Warning: This blog contains a graphic image of surgery
Hello Everyone!
This week Sam and I moved around various units. We were supposed to be in ICU, but Monday-Wednesday there were no patients. Monday we continued to work on our case study presentation. Then, Tuesday and Wednesday, we observed in the OR. Some notable surgeries that we watched were a total thyroidectomy and an excision of a submandibular gland. A total thyroidectomy is when the surgeon takes out the patient’s whole thyroid gland. This surgery is very interesting to watch in the beginning but it gets tedious because the surgeon has to cauterize and tie off veins since excessive blood in the neck could be damaging to the patient’s airway. Excision of a submandibular gland is a common surgical procedure to remove one or both of the salivary glands under the jaw. This patient specifically got their gland removed because they had a blockage in their duct.
On Thursday, we got to see a total hysterectomy which was fascinating to watch. A total hysterectomy is when the uterus, ovaries, cervix, and fallopian tubes are removed. We got to look up close and dissect the organs afterward which was very interesting. It was surprising to see how small the uterus was, it was about the size of a fist before it was cut open. One of the previous weeks in the OR we saw a dilation and curettage which is a procedure to remove tissue from inside your uterus.

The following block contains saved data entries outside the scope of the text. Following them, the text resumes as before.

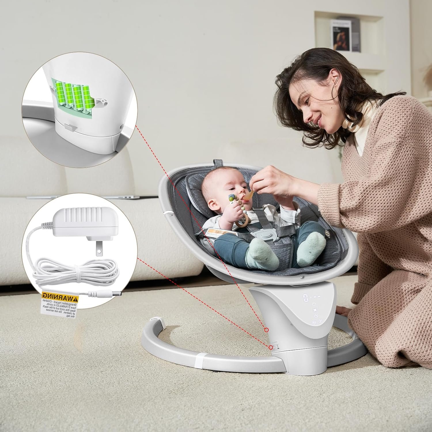 Indoor Use: The baby swing can be powered by adapter or battery. Requires 4 AA batteries(not included).
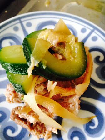ズッキーニと豚の生姜煮 Category:台所遊び Date:2014年06月13日 ズッキーニも基本は南瓜でしょうと大らかに新生姜と豚肉で煮てみましたトロトロと柔らかくサッパリ味に少し炒めてから煮たのがよいみたい前菜向きですね[0回]PR
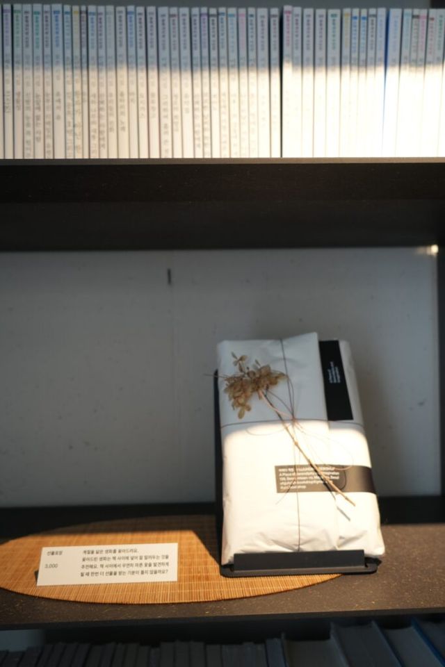 에디터의 마음을 사로잡은 공간은 ‘뜻밖의 샛길’이라는 이름의 서가 한 줄입니다. 빼곡하게 들어선 책장 사이 비워둔 이 작은 여백에서는 분야별 신간, 정성스럽게 포장된 책, 작가의 친필 사인본 등 작지만 특별한 만남이 펼쳐지는데요. 혹시라도 빽빽한 책들 사이에서 잠시 숨이 막히는 기분이 들었다면, 이 샛길에서 생각지 못한 여유와 기분 좋은 발견을 경험해보길 바라요.
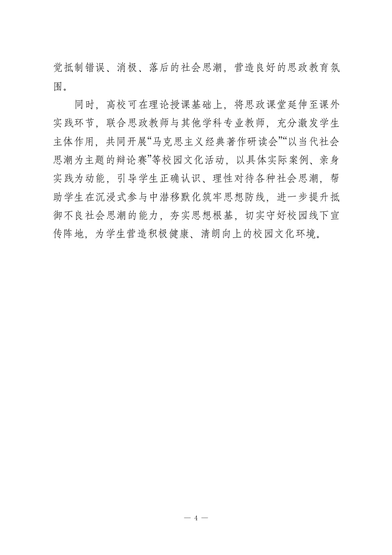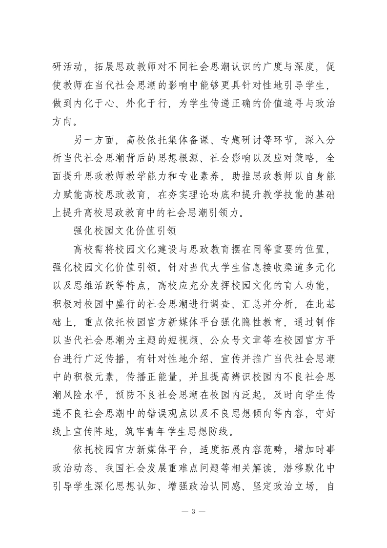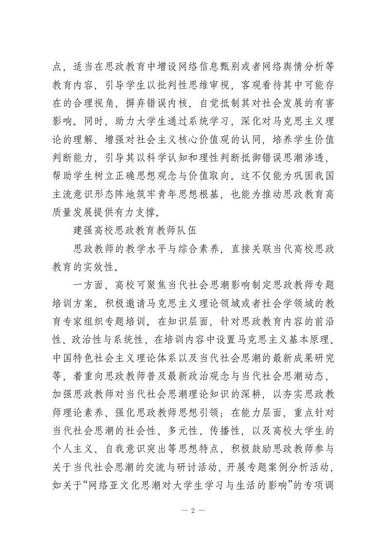 高校思政教育:在多元思潮中锚定价值航向当代社会思潮日益多元,不同观念交流碰撞的态势逐步显现。高校作为党的意识形态工作的前沿阵地,在引导学生辨析各类思潮、树立正确认知、坚定价值立场的过程中发挥着关键作用。面对新自由主义、历史虚无主义、实用主义等可能对大学生思想认知产生的影响,高校尤其需加强关注一一这类影响若缺乏及时有效地引导,可能给主流价值观的认同构建带来挑战,这也让高校思想政治教育工作在强化价值引领、凝聚思想共识、助力学生坚定理想信念方面的任务更显重要。优化高校思政教育内容高校应做好意识形态工作,着重以马克思主义的立场、观点以及方法为指导,融入马克思主义经典著作的文本研读专题课程。以《共产党宣言》为例,该著作是辨析社会思潮本质以及引领社会思潮的理论范本,阐述了唯物史观科学分析与批判错误思潮的重要价值以及独特视角。教师应引导学生将唯物史观视为“望远镜”与“显微镜”,并且运用《共产党宣言》中批判社会思潮的方法论,诸如辩证分析法、阶级分析法以及历史分析法等方法论,引导学生透过纷繁复杂的社会现象看清各种错误思潮的本质,增强学生对错误思潮的辨别力。在此基础上,教师应紧密结合时代发展脉搏与学生实际需求,将当代社会思潮中的热点话题或者现实问题,巧妙融入高校思政教育内容。同时,思政教师还应针对网络思潮传播的特1
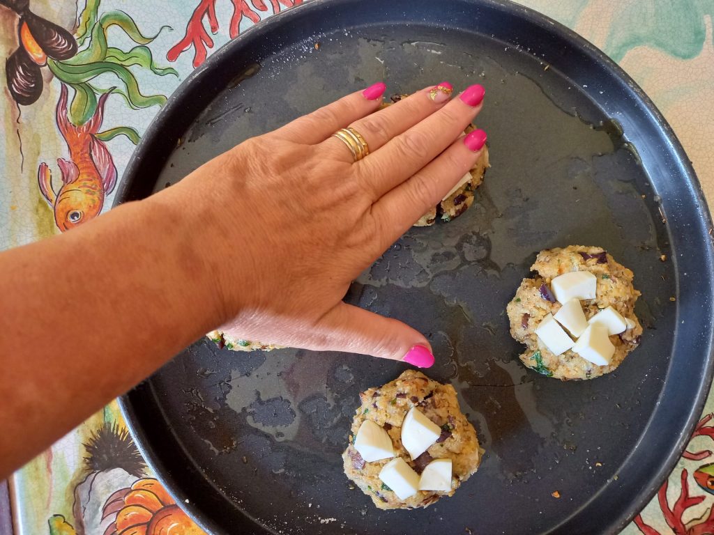 Adequados para os nossos jovens que não gostam de vegetais, e por isso, na parte superior, dei um toque mais suculento, a tal ponto que se parecem com mini-pizzas.
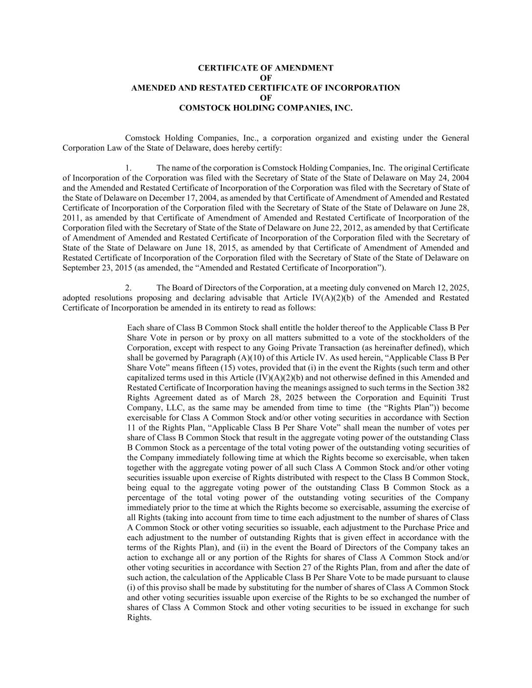 CERTIFICATE OF AMENDMENT OF AMENDED AND RESTATED CERTIFICATE OF INCORPORATION OF COMSTOCK HOLDING COMPANIES, INC. Comstock Holding Companies, Inc., a corporation organized and existing under the General Corporation Law of the State of Delaware, does hereby certify: 1. The name of the corporation is Comstock Holding Companies, Inc. The original Certificate of Incorporation of the Corporation was filed with the Secretary of State of the State of Delaware on May 24, 2004 and the Amended and Restated Certificate of Incorporation of the Corporation was filed with the Secretary of State of the State of Delaware on December 17, 2004, as amended by that Certificate of Amendment of Amended and Restated Certificate of Incorporation of the Corporation filed with the Secretary of State of the State of Delaware on June 28, 2011, as amended by that Certificate of Amendment of Amended and Restated Certificate of Incorporation of the Corporation filed with the Secretary of State of the State of Delaware on June 22, 2012, as amended by that Certificate of Amendment of Amended and Restated Certificate of Incorporation of the Corporation filed with the Secretary of State of the State of Delaware on June 18, 2015, as amended by that Certificate of Amendment of Amended and Restated Certificate of Incorporation of the Corporation filed with the Secretary of State of the State of Delaware on September 23, 2015 (as amended, the “Amended and Restated Certificate of Incorporation”). 2. The Board of Directors of the Corporation, at a meeting duly convened on March 12, 2025, adopted resolutions proposing and declaring advisable that Article IV(A)(2)(b) of the Amended and Restated Certificate of Incorporation be amended in its entirety to read as follows: Each share of Class B Common Stock shall entitle the holder thereof to the Applicable Class B Per Share Vote in person or by proxy on all matters submitted to a vote of the stockholders of the Corporation, except with respect to any Going Private Transaction (as hereinafter defined), which shall be governed by Paragraph (A)(10) of this Article IV. As used herein, “Applicable Class B Per Share Vote” means fifteen (15) votes, provided that (i) in the event the Rights (such term and other capitalized terms used in this Article (IV)(A)(2)(b) and not otherwise defined in this Amended and Restated Certificate of Incorporation having the meanings assigned to such terms in the Section 382 Rights Agreement dated as of March 28, 2025 between the Corporation and Equiniti Trust Company, LLC, as the same may be amended from time to time (the “Rights Plan”)) become exercisable for Class A Common Stock and/or other voting securities in accordance with Section 11 of the Rights Plan, “Applicable Class B Per Share Vote” shall mean the number of votes per share of Class B Common Stock that result in the aggregate voting power of the outstanding Class B Common Stock as a percentage of the total voting power of the outstanding voting securities of the Company immediately following time at which the Rights become so exercisable, when taken together with the aggregate voting power of all such Class A Common Stock and/or other voting securities issuable upon exercise of Rights distributed with respect to the Class B Common Stock, being equal to the aggregate voting power of the outstanding Class B Common Stock as a percentage of the total voting power of the outstanding voting securities of the Company immediately prior to the time at which the Rights become so exercisable, assuming the exercise of all Rights (taking into account from time to time each adjustment to the number of shares of Class A Common Stock or other voting securities so issuable, each adjustment to the Purchase Price and each adjustment to the number of outstanding Rights that is given effect in accordance with the terms of the Rights Plan), and (ii) in the event the Board of Directors of the Company takes an action to exchange all or any portion of the Rights for shares of Class A Common Stock and/or other voting securities in accordance with Section 27 of the Rights Plan, from and after the date of such action, the calculation of the Applicable Class B Per Share Vote to be made pursuant to clause (i) of this proviso shall be made by substituting for the number of shares of Class A Common Stock and other voting securities issuable upon exercise of the Rights to be so exchanged the number of shares of Class A Common Stock and other voting securities to be issued in exchange for such Rights.

So it was fascinating to see the inside of the uterus and make the connection of where someone would remove tissue for this diagnostic test. The surgeon also showed us the cervix, and it was crazy to see how small the cervix and its opening are on a non-pregnant woman because it is hard to imagine it can open up to accommodate a fetus during childbirth.
On Friday, Sam and I were in the ICU. We started the morning learning about all the medication in a “crash cart”, and working on medication calculations. Then, we were each given our patient to monitor, take vitals, feed, bathe, turn, and any other care they would need. My patient required vitals to be taken every hour, strict NPO, and urine output monitored every hour. My patient had a Glasgow Coma Scale of 15 which is super high, and abnormal for a patient in ICU. The GCS assesses a person based on their ability to perform eye movements, speak, and move their body. These three behaviors make up the three elements of the scale: eye, verbal, and motor. A person’s GCS score can range from 3 (completely unresponsive) to 15 (responsive).

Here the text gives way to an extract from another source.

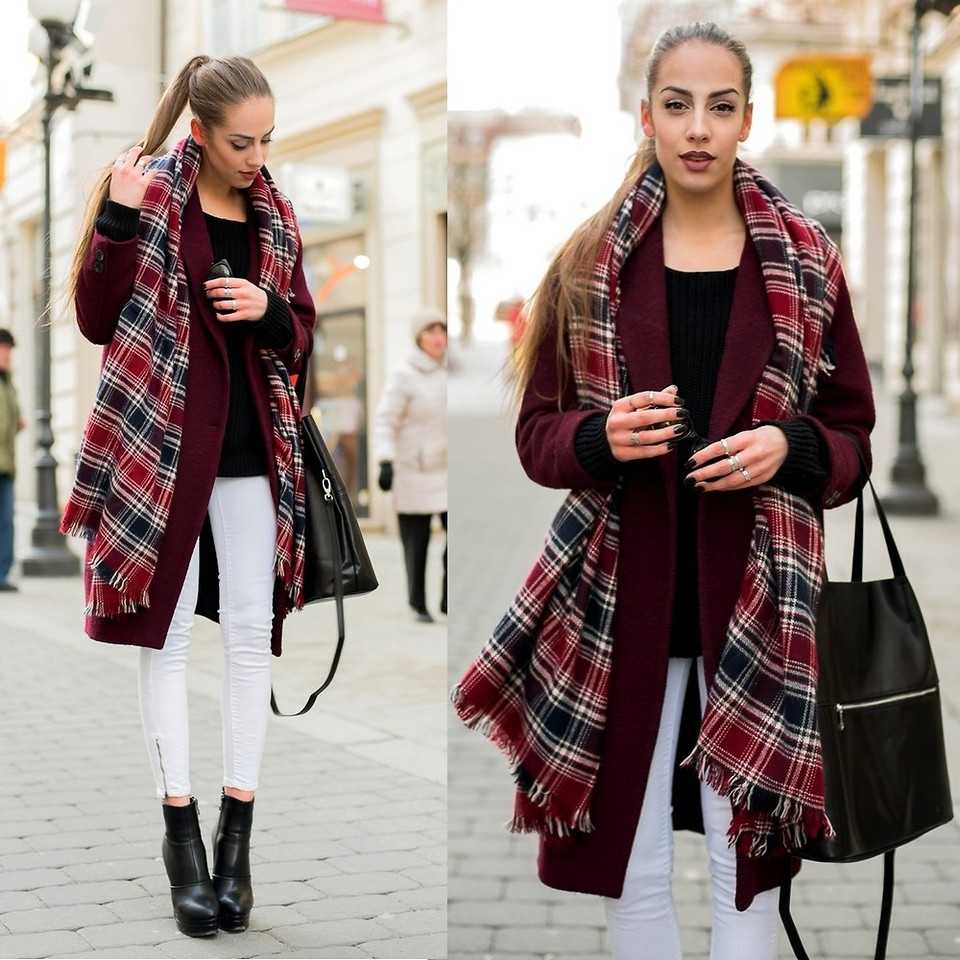 Отлично освежит повседневный образ светло-розовый или белоснежный шарф, а серый палантин поможет выгодно дополнить деловой look. С бордовой верхней одеждой хорошо смотрятся и чёрные снуды, но модели такого цвета рекомендуется выбирать юным девушкам, поскольку подобное сочетание способно прибавить несколько лет к реальному возрасту.

After our duty on Friday Sam and I made a trek to the Manila Airport to go to Palawan! Palawan is a popular beach island in the Philippines. We got in late Friday night. So, Saturday morning we woke up bright and early to seize the whole day in El Nido, Palawan. We met up with ALL of the IWU Phillipine interns and went on an island-hopping tour. The tour was amazing, we got to explore 5 small islands, go snorkeling over coral reefs, and kayak in the Big Lagoon. The Big Lagoon is a famous body of water with caves you can explore and swim in.
Sunday, Sam and I headed back to the airport to trek back to Santo Thomas.